Tuesday, November 10, 2015

Concatenation Operator in Verilog

Concatenation is generally used for combining two or more vectors to form a single vector. But in Verilog, concatenation operator can be used to either join two or more vectors or split a vector into small sub-vectors.

{ and } together form the concatenation operator in Verilog.

I will show you some examples, to give you a practical idea.

Combing two or more vectors to form a single vector:

//Declare the registers
reg [7:0] c;  //8 bit vector
reg [4:0] a = 5'b11111;  //5 bit vector
reg [2:0] b = 3'b000;    //3 bit vector


//First way to concatenate
    c = {a,b};            // c = "11111000"                       
    c = {b,a};            // c = "00011111"
    
//Replicate a vector multiple times by using {{}}   
// {a{b}} means 'b' replicated 'a' times.

// size of "1" is not mentioned. so its taken as a 32 bit integer.
    c = {{1}};           // c = "00000001"

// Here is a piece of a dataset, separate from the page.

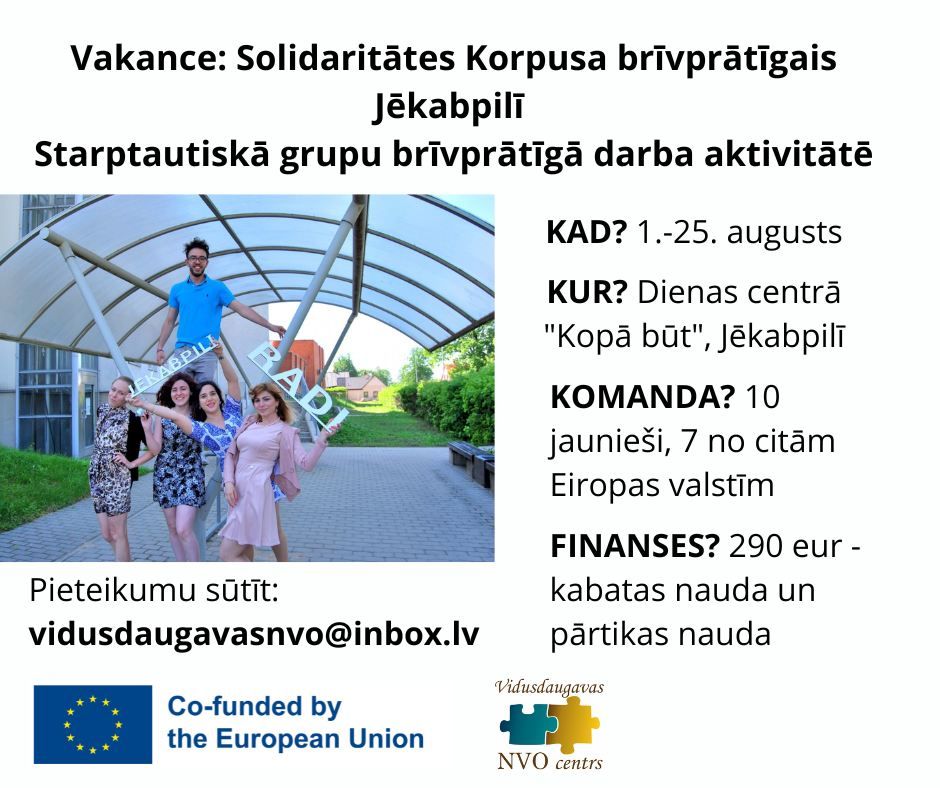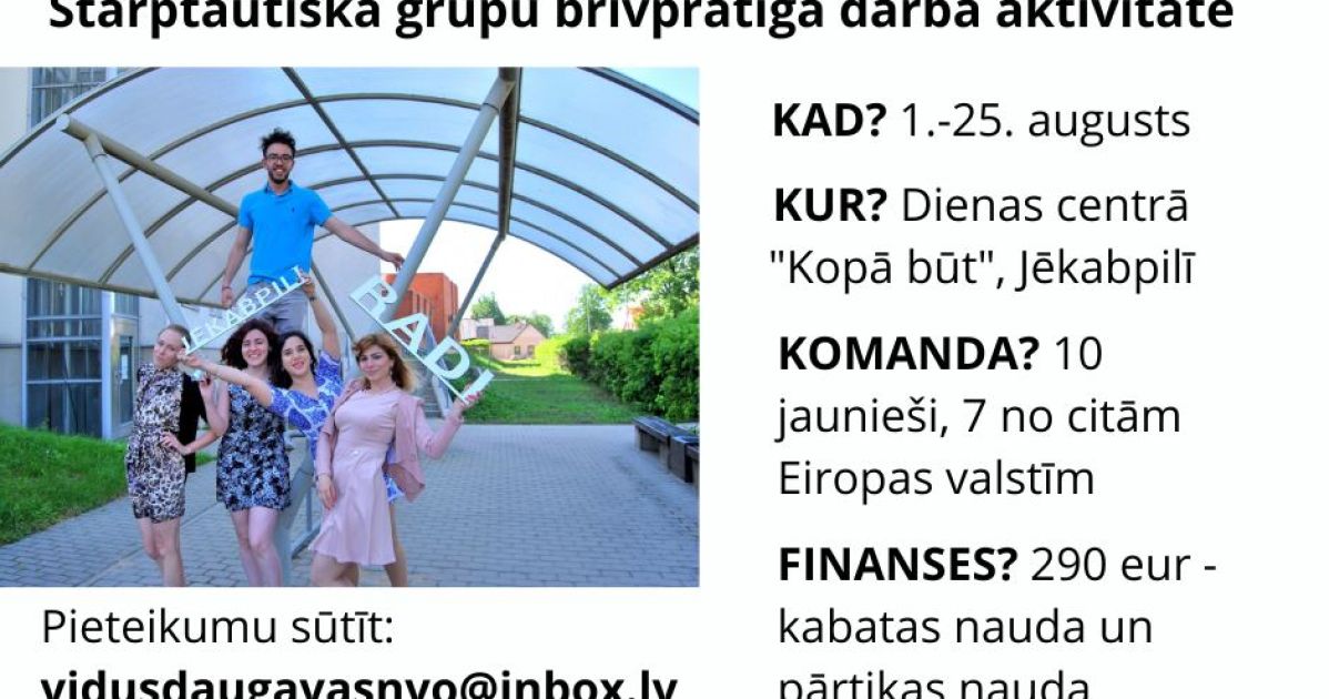 No 1. līdz 25. augustam Jēkabpilī pulcēsies 10 jaunieši no visas Eiropas un Latvijas, lai piedalītos brīvprātīgā darba aktivitātēs Dienas centrā "Kopā būt". Kopā mēs:

// size of "1" is mentioned and its replicated 8 times. 
    c = {8{1'b1}};       // c = "11111111"
    
//the replicated part will be added to Least significant bits. MSB is padded with zeros.    
    c = {4{1'b1}};       // c = "00001111"
   
//Note that MSB is padded with zeros again  
    c = {{2'b10}};       // c = "00000010"

//"10" is replicated 4 times.   
    c = {4{2'b10}};       // c = "10101010"  

//replicate "110" eight times and take the least significant 8 bits.    
    c = {8{3'b110}};      // c = "10110110"

// Compilation error. Multiple concatenating is not allowed.
    c = {2{4{1'b1}}};     

Splitting a vector to smaller vectors:

//Declare variables
reg [7:0] e = 8'b10110110;  //8 bit vector
reg [4:0] d;  //5 bit vector
reg [2:0] a,b,c;    //3 bit vector

//splitting up a vector to two vectors. 
    {a,d} = e;               // a = "101" and d = "10110"   

//splitting up a vector to three vectors.   
//Least significant vectors(right hand side) is filled first.
// remaining vectors are assigned zero.
    {a,b,c} = 8'b11111111;   // a = "011" , b = "111" , c = "111"

//splitting up a vector to three vectors.   
//10 times "10" is replicated.  
    {a,b,c} = {10{2'b10}};   // a = "010" , b = "101" , c = "010"

I hope the concept of concatenation operator is clear now. A clear understanding of this might save you, lots of typing, when you are implementing your Verilog design.